Assignment:
What is needed is an exact copy of the lines from the one containing "Окружение, созданное из" through the last line of the records below, with no pictures.

Record extracts:
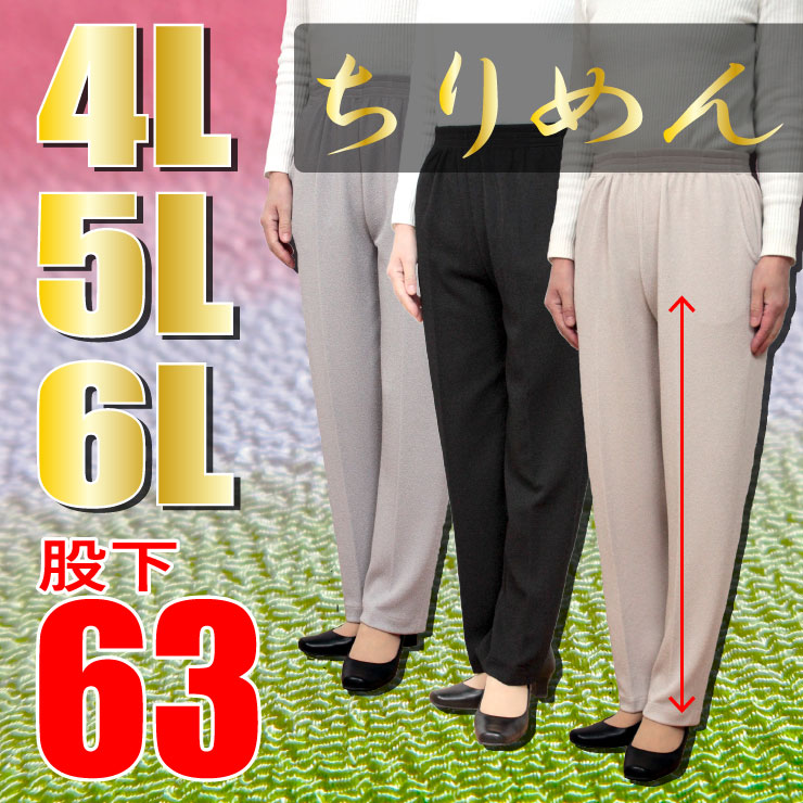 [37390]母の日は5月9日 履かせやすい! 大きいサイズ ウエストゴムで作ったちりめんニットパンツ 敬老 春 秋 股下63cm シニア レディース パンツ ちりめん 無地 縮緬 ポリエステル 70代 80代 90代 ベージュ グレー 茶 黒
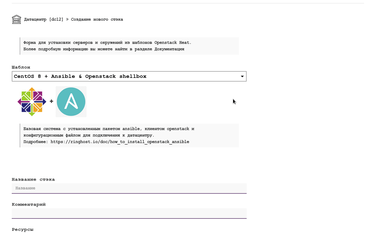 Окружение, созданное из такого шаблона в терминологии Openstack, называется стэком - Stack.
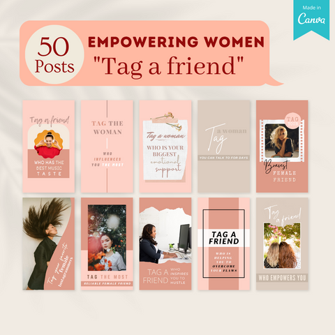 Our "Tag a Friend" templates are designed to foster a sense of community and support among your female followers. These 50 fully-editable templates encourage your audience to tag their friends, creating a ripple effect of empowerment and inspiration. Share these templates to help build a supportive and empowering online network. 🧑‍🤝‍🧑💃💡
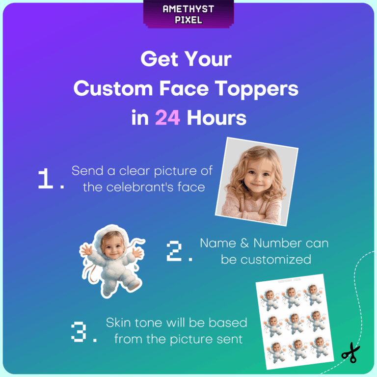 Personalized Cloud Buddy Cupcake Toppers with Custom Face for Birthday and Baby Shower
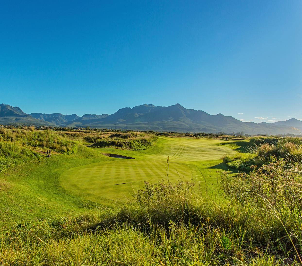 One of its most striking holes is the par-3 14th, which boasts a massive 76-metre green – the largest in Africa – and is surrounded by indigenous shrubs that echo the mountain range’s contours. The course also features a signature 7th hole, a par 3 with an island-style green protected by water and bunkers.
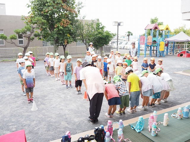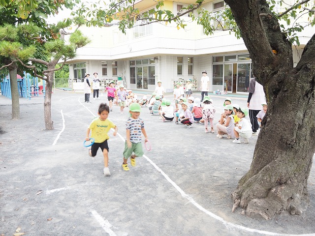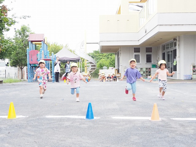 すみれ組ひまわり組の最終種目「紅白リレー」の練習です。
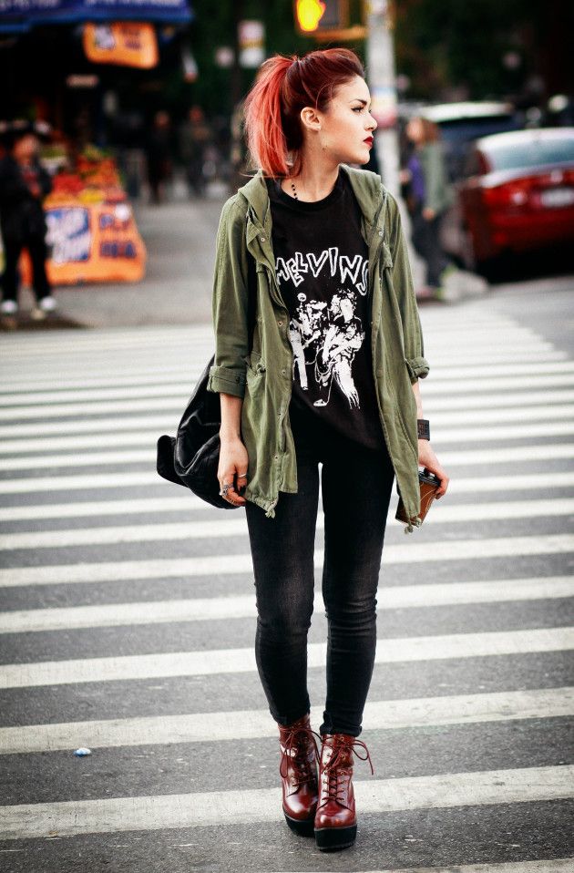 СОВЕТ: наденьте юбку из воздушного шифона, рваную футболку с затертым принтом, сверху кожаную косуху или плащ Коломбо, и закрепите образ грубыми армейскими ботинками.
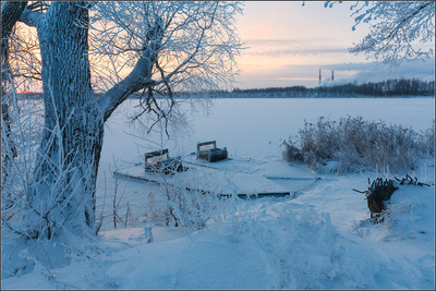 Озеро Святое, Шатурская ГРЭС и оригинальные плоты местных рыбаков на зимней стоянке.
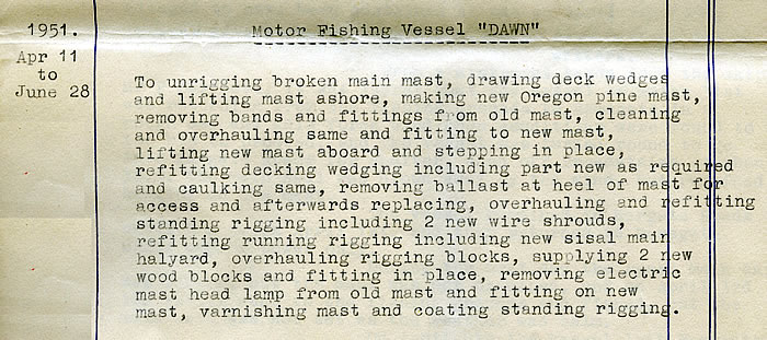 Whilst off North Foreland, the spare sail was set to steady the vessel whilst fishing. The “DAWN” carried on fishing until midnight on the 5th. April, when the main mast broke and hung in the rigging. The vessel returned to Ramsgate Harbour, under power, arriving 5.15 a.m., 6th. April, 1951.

Your response:
 Окружение, созданное из такого шаблона в терминологии Openstack, называется стэком - Stack.
 Our "Tag a Friend" templates are designed to foster a sense of community and support among your female followers. These 50 fully-editable templates encourage your audience to tag their friends, creating a ripple effect of empowerment and inspiration. Share these templates to help build a supportive and empowering online network. 🧑‍🤝‍🧑💃💡
 Personalized Cloud Buddy Cupcake Toppers with Custom Face for Birthday and Baby Shower
 One of its most striking holes is the par-3 14th, which boasts a massive 76-metre green – the largest in Africa – and is surrounded by indigenous shrubs that echo the mountain range’s contours. The course also features a signature 7th hole, a par 3 with an island-style green protected by water and bunkers.
 すみれ組ひまわり組の最終種目「紅白リレー」の練習です。
 СОВЕТ: наденьте юбку из воздушного шифона, рваную футболку с затертым принтом, сверху кожаную косуху или плащ Коломбо, и закрепите образ грубыми армейскими ботинками.
 Озеро Святое, Шатурская ГРЭС и оригинальные плоты местных рыбаков на зимней стоянке.
 Whilst off North Foreland, the spare sail was set to steady the vessel whilst fishing. The “DAWN” carried on fishing until midnight on the 5th. April, when the main mast broke and hung in the rigging. The vessel returned to Ramsgate Harbour, under power, arriving 5.15 a.m., 6th. April, 1951.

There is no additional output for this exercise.